Physical characteristics
- • location: Great Morava
- • coordinates: 44°39′56″N 21°02′56″E﻿ / ﻿44.6656°N 21.0490°E
- Length: 47.5 km (29.5 mi)
- Basin size: 692 km^{2} (267 sq mi)
- • average: 23 m^{3}/s (810 cu ft/s)

Basin features
- Progression: Great Morava→ Danube→ Black Sea

= Jezava =

River in central Serbia

The Jezava (Језава) is a river in central Serbia.

== Geography ==

Formerly a distributary of the Great Morava that flowed into the Danube in Smederevo at the Smederevo Fortress, its upper course was separated from the Great Morava by a dam after floods in 1897. In the 1970s, the lower course of the Jezava was diverted into a new stream bed, leading to the Great Morava. The old bed of the Jezava in Smederovo has been retained for drainage of the urban area of Smederovo. The Jezava drains an area of 692 km, belonging to the Black Sea drainage basin.

== Human history ==

In October and November 1944, the new Communist military authorities began executions of the residents of Smederevo they declared traitors and collaborators. Hundreds of people were executed on the bank of Jezava, without proper trials and after public humiliation, including wealthy denizens, priests, intellectuals and anti-Communists. People were paraded down the streets in underwear, wearing tables with inscriptions "I am war profiteer" or "I am enemy of the people".

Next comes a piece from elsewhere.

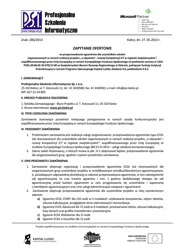Profesjonalne Szkolenia Informatyczne Znak: 286/2013 Kielce, dn. 27. 05.2013 r. ZAPYTANIE OFERTOWE na przeprowadzenie egzaminów dla uczestników szkoleń organizowanych w ramach realizacji projektu „e-obywatel – rozwój kompetencji ICT w regionie świętokrzyskim”, współfinansowanego przez Unię Europejską w ramach Europejskiego Funduszu Społecznego na podstawie umowy nr UDAPOKL.09.06.02-26-070/12-00 ze Świętokrzyskim Biurem Rozwoju Regionalnego w Kielcach, pełniącym funkcję Instytucji Pośredniczącej w ramach Programu Operacyjnego Kapitał Ludzki, działanie 9.6, poddziałanie 9.6.2. I. ZAMAWIAJĄCY Profesjonalne Szkolenia Informatyczne Sp. z o.o. 25-310 Kielce; ul. T. Kościuszki 11, tel.: 41 3430580; fax: 41 3430581; e-mail: [email protected] NIP: 657-21-24-893 II. MIEJSCE PUBLIKACJI OGŁOSZENIA 1. Siedziba Zamawiającego - Biuro Projektu ul. T. Kościuszki 11; 25-310 Kielce 2. Strona internetowa: www.psi.kielce.pl III. TRYB UDZIELENIA ZAMÓWIENIA Zamówienie stanowiące przedmiot niniejszego postępowania w ramach zasady konkurencyjności jest współfinansowane przez Unię Europejską w ramach Europejskiego Funduszu Społecznego. IV. PRZEDMIOT ZAMÓWIENIA 1. Przedmiotem zamówienia jest realizacja usługi zorganizowania i przeprowadzenia egzaminów typu ECDL lub równoważnych dla uczestników szkoleń organizowanych w ramach realizacji projektu „e-obywatel – rozwój kompetencji ICT w regionie świętokrzyskim”, współfinansowanego przez Unię Europejską ze środków Europejskiego Funduszu Społecznego (80.53.31.00-0 – usługi szkolenia komputerowego). 2. Zakres zadań Wykonawcy, o których mowa w pkt. IV.1 obejmować będzie: przeprowadzenie egzaminów dla zorganizowanych grup, zgodnie z opisem przedmiotu zamówienia. V. OPIS PRZEDMIOTU ZAMÓWIENIA 1. Zamówienie obejmuje organizację i przeprowadzenie egzaminów ECDL lub równoważnych dla zorganizowanych grup uczestników projektu w certyfikowanym ośrodku/laboratorium egzaminacyjnym, tj. posiadającym odpowiednią akredytację w zakresie przeprowadzania egzaminów, w tym udostępnienie sali egzaminacyjnej na czas trwania egzaminu i min. 1 godziny dodatkowego dostępu do sali egzaminacyjnej przed każdym egzaminem w celu przygotowania się uczestników i zapoznania z interfejsem egzaminacyjnym oraz inne usługi administracyjne związane z egzaminami. 2. Zamówienie obejmuje przeprowadzenie egzaminów dla uczestników projektu w niżej wymienionym zakresie: a) Egzaminy ECDL START dla 210 osób w 4 modułach: użytkowanie komputerów, edytor tekstów, arkusze kalkulacyjne, przeglądanie stron internetowych i komunikacja b) Egzaminy ECDL Advanced dla 72 osób w 4 modułach: przetwarzanie tekstu, arkusze kalkulacyjne, bazy danych oraz grafika menedżerska i prezentacyjna c) Egzamin ECDL Webstarter dla 12 osób d) Egzamin ECDL e-Guardian dla 12 osób Projekt współfinansowany ze środków Unii Europejskiej w ramach Europejskiego Funduszu Społecznego Profesjonalne Szkolenia Informatyczne 3. Przedmiot zamówienia obejmuje również możliwość przeprowadzenia egzaminów poprawkowych w maksymalnej ilości dla pkt.V.2a – 210 egzaminów, V.2b – 72 egzaminów, V.2c-12 egzaminów, V.2d-12 egzaminów. Egzamin poprawkowy należy rozumieć jako pojedynczy egzamin w danym module i poziomie wskazanym w punkcie V.2. Przeprowadzenie egzaminów poprawkowych i ich ostateczna ilość zależy od wyników uzyskiwanych przez uczestników na egzaminach oraz możliwości finansowych Zamawiającego. Egzaminy poprawkowe nie wymagają dodatkowego czasu dostępu do sali egzaminacyjnej przed egzaminem. Zamawiający zastrzega sobie możliwość przeprowadzenia wyłącznie 1 podejścia do egzaminów dla wykazanej liczby uczestników, tzn. bez egzaminów poprawkowych. 4. Miejsce realizacji egzaminów – Kielce oraz w zależności od bieżących potrzeb i miejsca zamieszkania uczestników projektu Zamawiający zastrzega sobie możliwość przeprowadzenia egzaminów dla poszczególnych grup w innych miejscach na terenie powiatu kieleckiego, koneckiego, buskiego i jędrzejowskiego. Oferta musi uwzględniać możliwość przeprowadzenia egzaminów na terenie wszystkich 4 powiatów. 5. Egzaminy zostaną przeprowadzone głównie w grupach 12-15-osobowych lub mniejszych w terminach dostosowanych do rozkładu zajęć uczestników projektu i wskazanych przez Zamawiającego z minimalnie 3-dniowym wyprzedzeniem. 6. Zamawiający zastrzega sobie prawo do zmniejszenia liczby osób, a co za tym idzie liczby egzaminów, w przypadku niezgłoszenia się do projektu wystarczającej liczby uczestników lub nieukończenia przez dostateczną liczbę osób szkolenia z zakresu przygotowania do egzaminu. 7. Zamawiający każdorazowa dostarczy Wykonawcy listy uczestników egzaminu i informacje niezbędne do zorganizowania egzaminów. 8. Oferta powinna uwzględniać możliwość zmniejszenia lub zwiększenia liczby uczestników o 15%. VI. TERMIN REALIZACJI ZAMÓWIENIA 1. Okres realizacji: czerwiec 2013– luty 2015. VIII. KRYTERIA OCENY OFERTY a) Kryteria jakościowe – punkty za kryterium odnoszą się do zgodności oferty z wymogami z punktu V – opis przedmiotu zamówienia na zasadzie spełnia/nie spełnia oraz dodatkowo punktowane: K1 - dodatkowy czas dostępu do sali egzaminacyjnej przed egzaminem – maksymalnie 10 punktów, przy czym 5 punktów za każdą dodatkową godzinę dostępu ponad wskazane minimum. K2 - Gotowość na zorganizowanie i przeprowadzenie egzaminu z 3-dniowym wyprzedzeniem – 10 punktów. b) Cena – cena oferty oznacza łącznie koszt usługi przypadający na 1 uczestnika w odniesieniu do danego poziomu egzaminu (tzn. w przypadku kilku egzaminów na danym poziomie należy podać łączny koszt egzaminów w każdym module dla 1 uczestnika) oraz koszt usługi przeprowadzenia jednego egzaminu poprawkowego (w 1 module). Punkty za kryterium „cena” zostaną obliczone wg następującego wzoru: C=Ca+Cb+Cc+Cd przy czym Ca- liczba

Gatherings of people began on the 16–17 October 1944. People were gathered in the basement of the local OZNA administration and taken by night to the bank of Jezava where they were summarily executed for over 20 nights. Individual executions of the location continued until March 1945. The exact number of executed people is not known. Though historians estimate it between 600 and 1.500, given the total population of Smederevo at the time, this seems unlikely. Smederevo's Gymnasium professor Nebojša Jovanović collected 162 names of the executed, with more than 240 names of disappeared ones. The deaths were not recorded in the death registers.

In the 21st century there were several actions to mark the location including memorial park (in 2002-2004 when even the commission was formed, 2011 and 2022-2023), but city authorities ignored it, and everything resulted with a cross and an annual parastos. The location is intermittently occupied by the city's flea market, while by 2023 city planned to build marina and touristic structures there, with gas station on the very location of the executions.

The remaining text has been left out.